Trotz der erzielten Einsparungen wird in der mittelfristigen Finanzplanung ein ausgeglichener Haushalt immer noch deutlich verfehlt. Notwendig sind deshalb in Kraichtal auch strukturelle Veränderungen, Nutzung von Synergien, stadtteilübergreifende Zusammenarbeit bei den Vereinen und Feuerwehr, auch der Verkauf von Immobilien darf kein Tabuthema sein. Wir werden uns nicht mehr alles leisten können, was uns bisher lieb und vor allem teuer war. Bürgermeister, Verwaltung und Gemeinderat müssen dabei aber den Dialog bzw. die Diskussion mit den Bürgern suchen. Diese müssen bei den Entscheidungen beteiligt, Bedenken und Anregungen berücksichtigt werden. In den vergangenen Jahren wurden in den Haushaltsreden von allen Fraktionen regelmäßig Wunschlisten vorgetragen wie z.B. mehr Geld für den Tourismus, für Kultur oder Stadtmarketing, Museen oder Radwege. Ich nehme hier ausdrücklich unsere Fraktion nicht aus. Diese Wünsche wird man der Realität anpassen müssen. Das neue Haushaltsrecht zeigt letztendlich auf, was wir uns noch leisten können oder dürfen.

Noch einige Anmerkungen zu den Eigenbetrieben:
Regelmäßige Investitionen im Bereich Wasser und Abwasser sind unbedingt notwendig, um die Versorgungssicherheit der Bürger zu gewährleisten. Sie sind immer langfristig zu sehen.

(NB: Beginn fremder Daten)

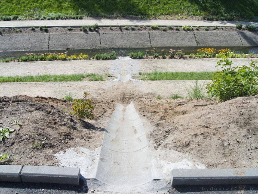 Na rysunkach obrazujących efekty rewitalizacji Starego Kanały widok bulwarów cieszy oko. Rzeczywistość okazała się inna. Bulwar nad kanałem na Okolu został zniszczony kilka miesięcy temu. Nie przez wandali, ale spływającą wodą deszczową.
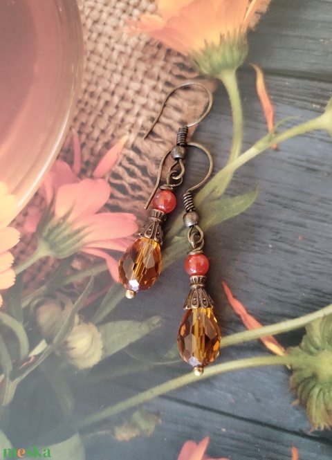 Méz csepp fülbevaló - narancssárga karneol és borostyán sárga üvegcsepp
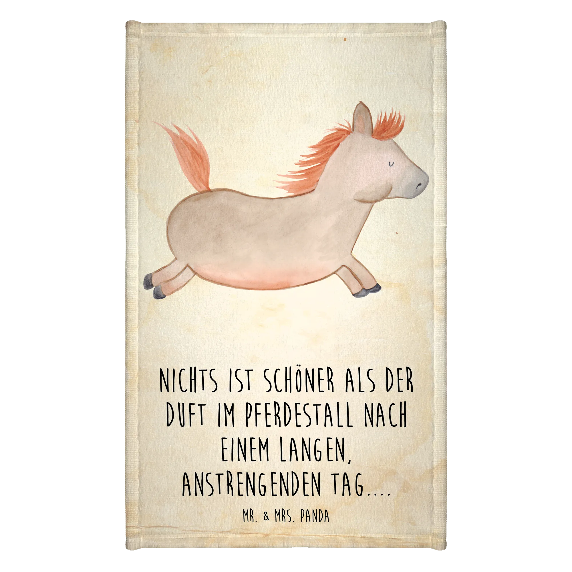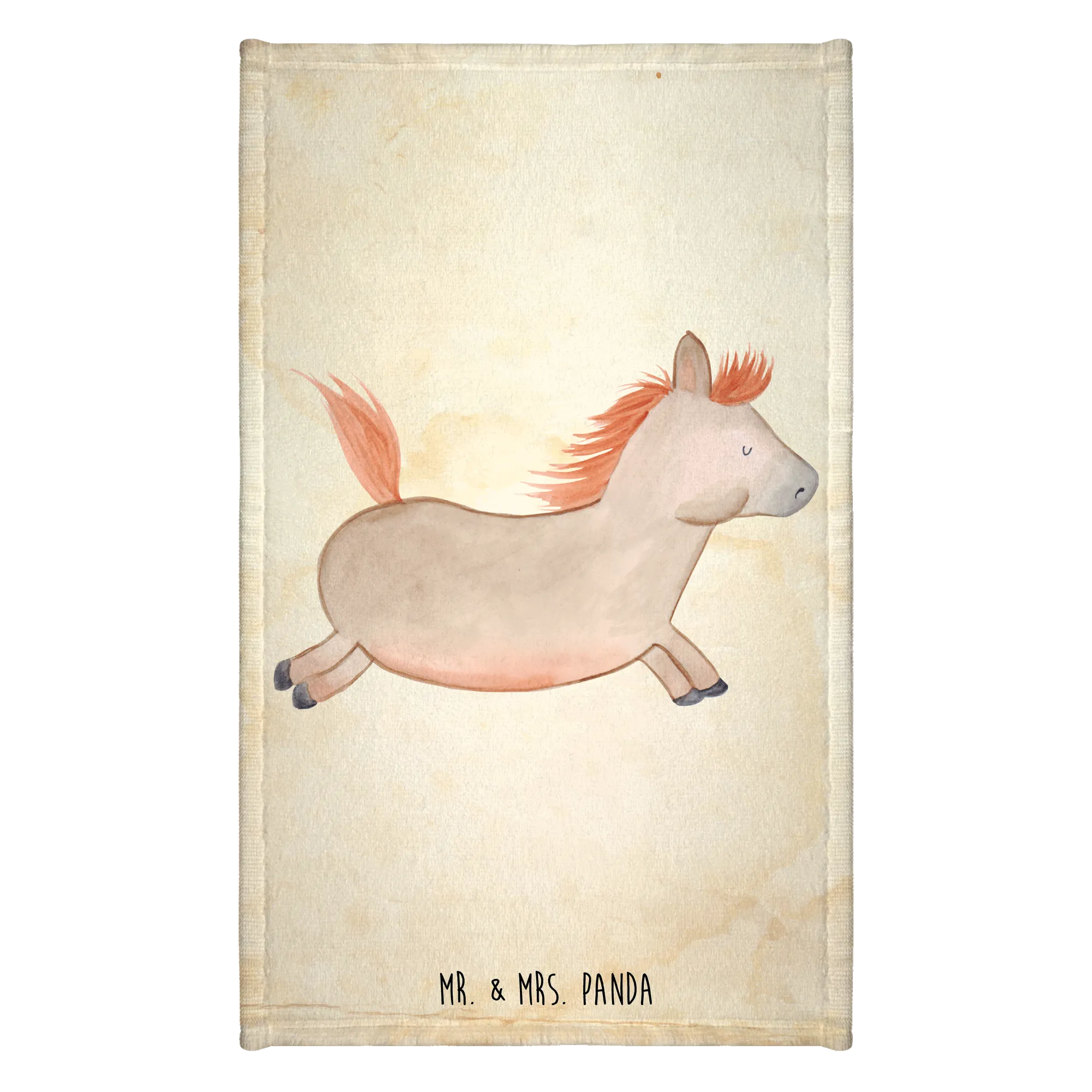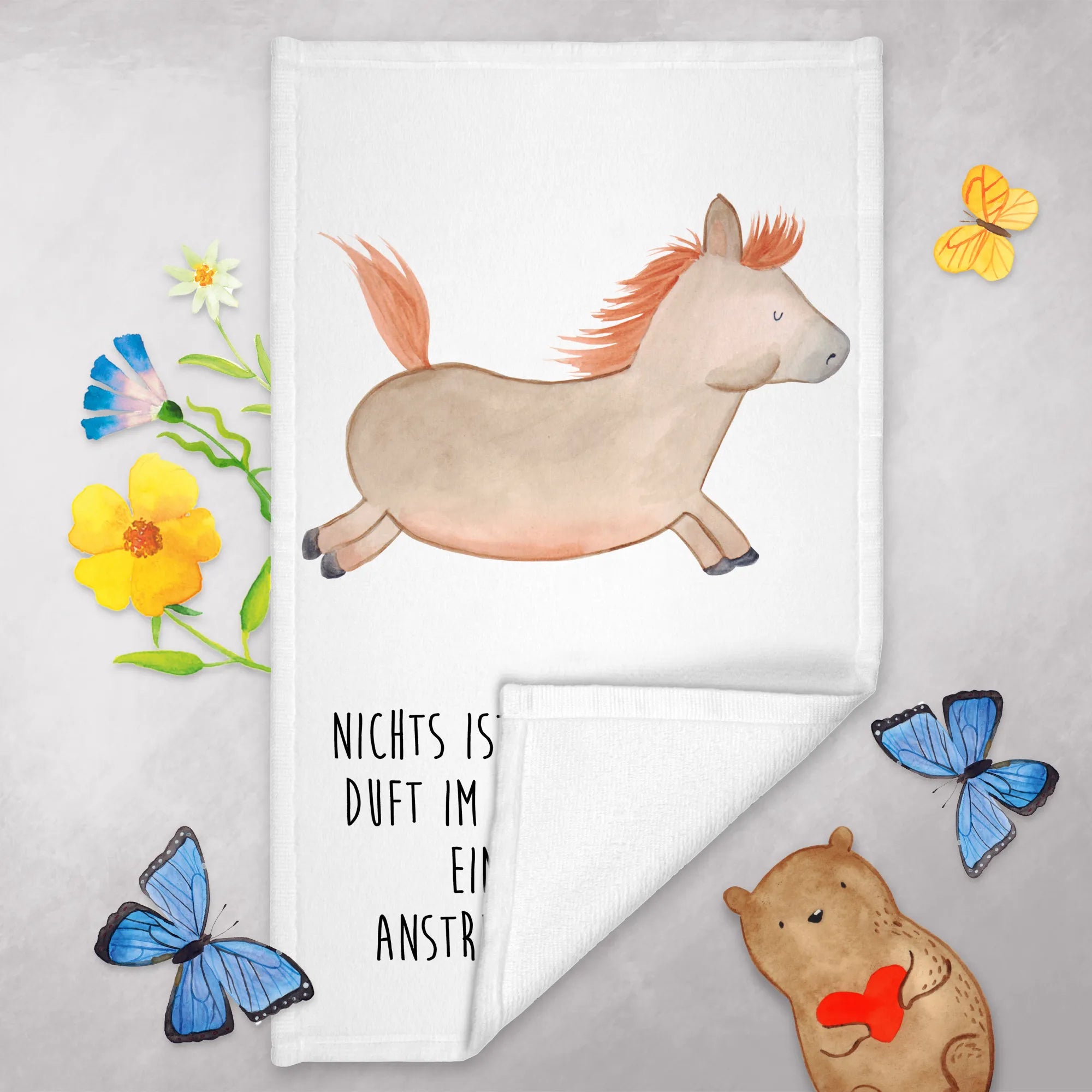 Das perfekte Gästehandtuch mit dem süßen Motiv "Pferd springt" aus der niedlichen Bauernhof-Kollektion von Mr. & Mrs. Panda ist der ideale Begleiter für alle Pferdefreunde und Pferdebesitzer. Mit einer flauschigen Baumwollmischung sorgt dieses Handtuch nicht nur für eine angenehme Haptik, sondern bringt auch ein Stück Bauernhof-Idylle in dein Zuhause.
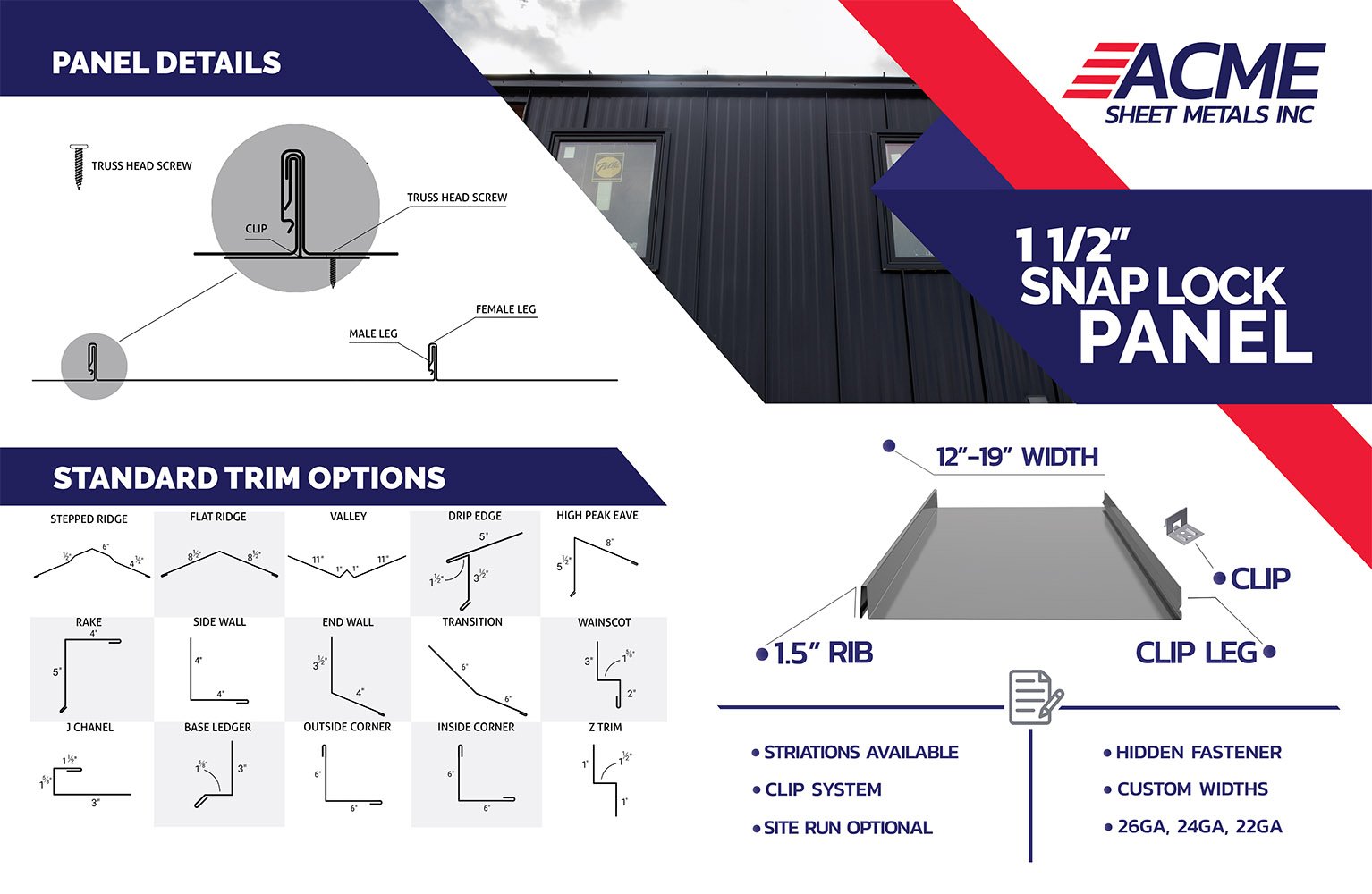 The ACME 1-1/2″ SNAP LOCK Panel features a 1-1/2 standing seam and has a customizable width. This panel requires a clip system and allows for maximum expansion and contraction.
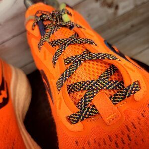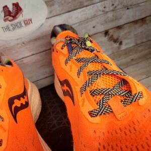 The Saucony Triumph 19 Men's Size 11 Athletic Running Training Walking Shoes in UK size 10 are designed for outdoor activities like walking. These low-top sneakers feature a solid orange color with a cushioned, lightweight, and breathable design for maximum comfort and performance. With a standard shoe width and the trusted Saucony brand, these shoes are ideal for men looking for quality athletic footwear for training and everyday wear.
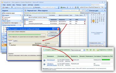 Соединить с Outlook! Не обращайте особого внимания на сообщения MS Outlook и просто соглашайтесь с ними, поскольку они в большинстве своем информационного характера. К примеру, появится на экране вопрос-предупреждение: <Подключить к Outlook папку "SharePoint" Календарь?> - смело жмите кнопку <Да>. Почему? Да потому что интеграция эта выполнена в полном соответствии со спецификацией корпорации Microsoft и ни каких проблем быть не может!
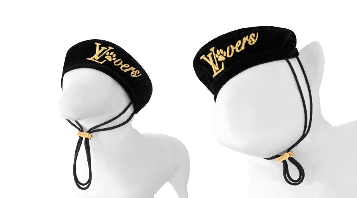 ブラックベルベットで仕立てたハットには、ゴールドカラーの「LV Vers」の文字とシグネチャーの肉球のモチーフがあしらわれています。ペットの頭部に快適かつしっかり装着可能な伸縮性のあるストラップ付き。散歩中の会話が弾む、愛犬にぴったりの陽気なアイテムです。
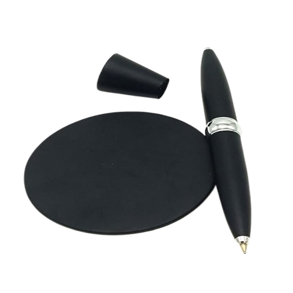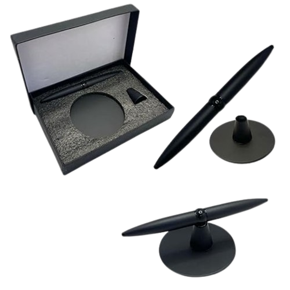This image shows a revolving 2-in-1 ball pen with a magnetic stand, also referred to as a “floating pen” or “hoverpen” due to its design.

Bei der Wasserversorgung investieren wir in diesem Jahr rd. 3,7 Mio €, neue Kredite werden in Höhe von 2,1 Mio. € aufgenommen. Beim Abwasser werden 4,1 Mio €, in erster Linie für Kanalsanierungen und
Erschließungsmaßnahmen investiert. Auch hier sind neue Kredite in Höhe von 2,5 Mio. € notwendig. Die Investitionen müssen zwangsläufig über höhere Gebühren refinanziert werden. Gebührenerhöhungen sind natürlich immer unpopulär, aber bei den meisten Bürgern ist das Problembewusstsein dafür vorhanden. Gesundes Wasser ist eine elementare Lebensgrundlage und hat absolute Priorität !


Abschließen möchte ich mit einem Zitat von Winston Churchill, das auch sehr gut zu unserer Haushaltslage passt: „Ein Optimist sieht eine Gelegenheit in jeder Schwierigkeit, ein Pessimist sieht eine Schwierigkeit in jeder Gelegenheit“ Lassen sie uns deshalb die nächsten Jahre mit Optimismus angehen ! Ich bedanke mich bei Bürgermeister Borho, der Verwaltung und den anderen Fraktionen für die gute und sachliche Zusammenarbeit im vergangenen Jahr.


Die Freien Wähler stimmen dem vorgelegten Haushaltsentwurf 2021 einstimmig zu.